■ **Data**:

○ ○ ○

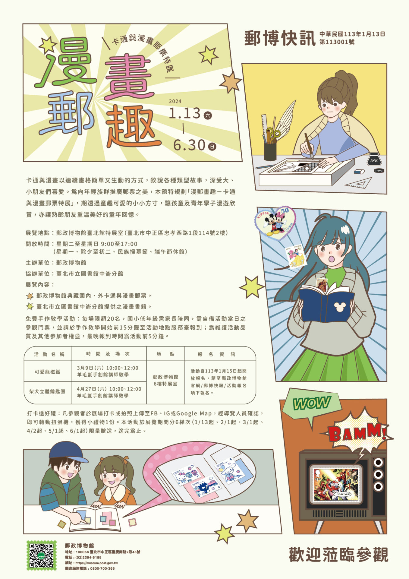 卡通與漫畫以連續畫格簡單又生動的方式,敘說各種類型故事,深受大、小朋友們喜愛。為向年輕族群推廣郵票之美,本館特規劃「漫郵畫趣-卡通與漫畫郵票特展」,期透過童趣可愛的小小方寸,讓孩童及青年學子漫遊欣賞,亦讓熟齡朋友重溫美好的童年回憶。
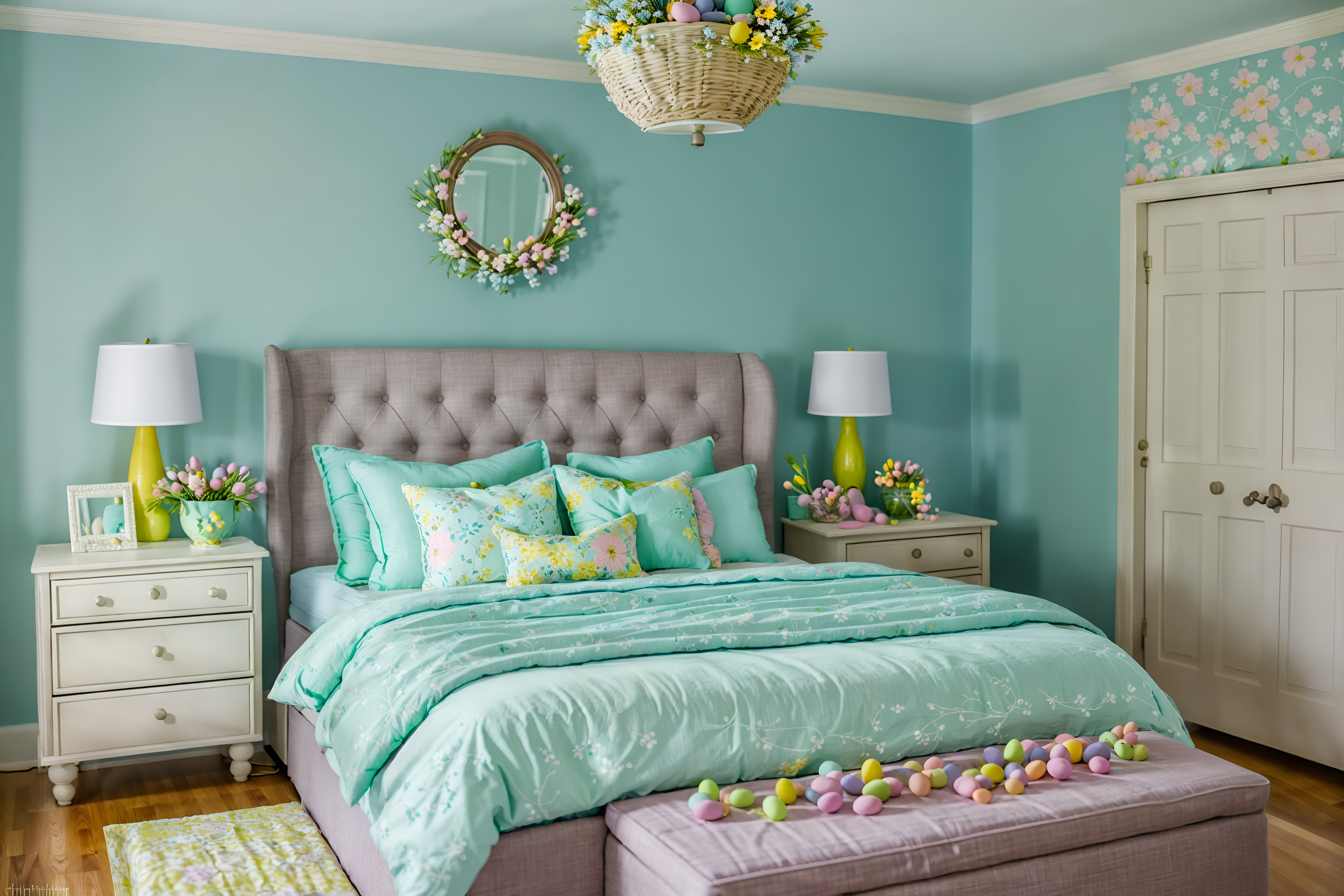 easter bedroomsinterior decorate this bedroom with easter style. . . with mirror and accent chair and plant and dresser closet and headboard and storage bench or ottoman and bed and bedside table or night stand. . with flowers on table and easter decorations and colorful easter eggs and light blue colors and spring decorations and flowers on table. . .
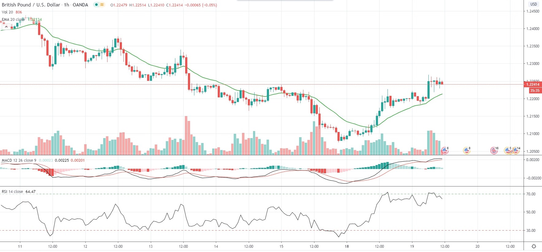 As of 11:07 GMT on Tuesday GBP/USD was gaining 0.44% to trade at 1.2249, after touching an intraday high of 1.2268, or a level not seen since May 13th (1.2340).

○ ○ ○

■ **Required action**:
No picture is to be included when the lines from the one containing "easter bedroomsinterior decorate" through the end of the material above are output exactly; nothing else is written.

■ **Expected output**:
 easter bedroomsinterior decorate this bedroom with easter style. . . with mirror and accent chair and plant and dresser closet and headboard and storage bench or ottoman and bed and bedside table or night stand. . with flowers on table and easter decorations and colorful easter eggs and light blue colors and spring decorations and flowers on table. . .
 As of 11:07 GMT on Tuesday GBP/USD was gaining 0.44% to trade at 1.2249, after touching an intraday high of 1.2268, or a level not seen since May 13th (1.2340).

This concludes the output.